Thursday, October 6, 2011

The King Awaits

Life's been a bit hectic since Rosh Hashana and I haven't had much time to blog, despite having received numerous ideas and bits of inspiration over the course of Yom Tov and Shabbos. I had to share an interesting notion that occurred to me as I examined the tefillos from Rosh Hashana (and afterward) related to HaShem's role as our King.

Many times in the past, different rabbeim/shiurim/divrei Torah have described the interrelated dual roles that HaShem has in relation to the Jewish People, which can be summed up as Avinu Malkeinu - Our Father, Our King.

HaShem's fatherly role is described as merciful, compassionate, forgiving, the aspect of Him in which we will find Rachamim and forgiveness for our mistakes and misdeeds.

His Kingly aspect is described as one of judgement - din, which is more strict, unyielding, the attribute by which we are held to a high standard and held accountable for our actions. He is the True King, the Holy King, The King of Judgement, among others appellations.

We even discuss the idea of HaShem moving from His throne of Din (Malkeinu) to the throne of Rachamim (Avinu) when we merit a nation-wide atonement on Yom Kippur. He is, as we say in the 2nd bracha before Shema in the morning, "Av Harachamim" - "the merciful Father" and we don't just stop there, but add "Who acts mercifully," emphasizing the aspect of mercy with HaShem our Father. (The title Av Harachamim is found elsewhere in other tefillos, too).

However, as I began to review the Rosh Hashana Davening, the insertions added during the 10 Days of Repentance, and the regular Shabbos/weekday davening, I began to notice that this strict dichotomy wasn't always true. Especially with regard to HaShem's Kingship, which is actually described in terms very different from a strict sense of retributive justice.

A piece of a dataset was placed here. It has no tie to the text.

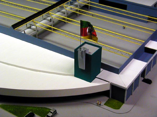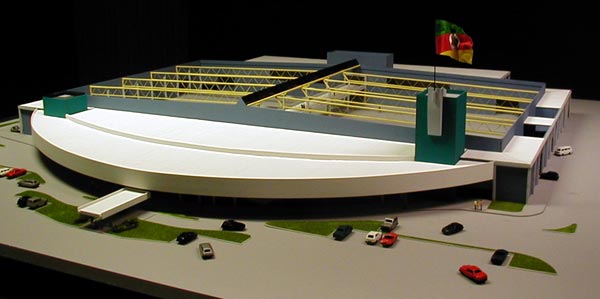 Projeto:Pedro Simch Arquitetura Predio Centro de Exposições Ciergs Dimensões:180x180 Materiais empregados:pvc,poliestireno,acrílico. Base :Estrutura aluminio e mdf Telhado:telhas poliestireno moldado (to-90) Arvores:modeladas com espuma em grão

In the first insertion during Magen Avraham we describe HaShem as "the King who desires life." Requesting that the King write us in the book of life isn't counterintuitive - the King judges, and we can either merit to be in the book of life or the bo0k of death (chas v'shalom, lo aleinu). Yet, the King desires life!

In the second bracha of Shemonah Esrei, we describe HaShem as the King who causes death - which is a fact, since death originates as a decree from Him. Yet, He is also the King Who "restores life and makes salvation sprout," which seems (to me) to be of greater emphasis, and again an indication of our King's merciful tendencies.

In Ya'aleh V'yavo, we conclude be describing HaShem as "the gracious and compassionate King" - going so far to describe the Melech as "Rachum" - which we typically associate with our Father. There is clearly some underlying currents here that indicate a greater unity among HaShem's Fatherly and Kingly attributes. A similar wording is found in the bracha Haskiveinu after Shema at Ma'ariv and in one of the Tashlich prayers.

In the paragraph from the Yom Tov Mussaf, "Mipnei Chata'einiu," we again refer to HaShem as "Melech Rachaman" - the Merciful King.

In Selach Lanu we ask our Father to forgive our errors, and our King to pardon our willful sins.

We find in Refa'einu that our King is "the faithful and compassionate Healer."

Lastly, we find in Shalom Rav that HaShem is the King, "Master of all peace." Not the King who judges and creates strife with harsh sentences, but One who creates peace for all of Israel.

I'm sure there are others I've missed. This is not meant to be a comprehensive list, but rather me shining a spotlight on an idea I had not heard of until I stumbled upon it myself.

If anyone has any more references or knows Talmudic/rabbinical sources that further discuss this fascinating notion (or at least fascinating to me) please share it in the comments.

So as we approach Yom Kippur and ask forgiveness of our Father, Our King, let us all have in mind the mercy and compassion that is utterly characteristic of HaShem, and pray that we all receive proper atonement (through proper teshuva) and merit being seal in the Book of Good Life.

To anyone I may have offended this past year with anything I wrote, I am sorry. I am especially sorry for my sometimes harsh responses/temper, in particular The Professor and Burnt Dreadlocks, for which I humbly apologize for my lack of emotional control in responding to their comments.

I hope that 5772 can be a year free of divisiveness and ill-feelings. Let us all use blogs and everything else we do in our lives, to sow harmony and unity amongst Klal Yisrael. May this year be the year - Tihiye Shana Ad Bichlal - the year that features the inclusion of the conclusion of the galus (no more galus!) and the arrival of Moshiach Tzidkeinu, Bimheira Biyameinu.

Amein, Kein Yehi Ratzon!

1 comment:

  1. Always a pleasure to read your blog especially since it puts me in the right thinking mode. thanks!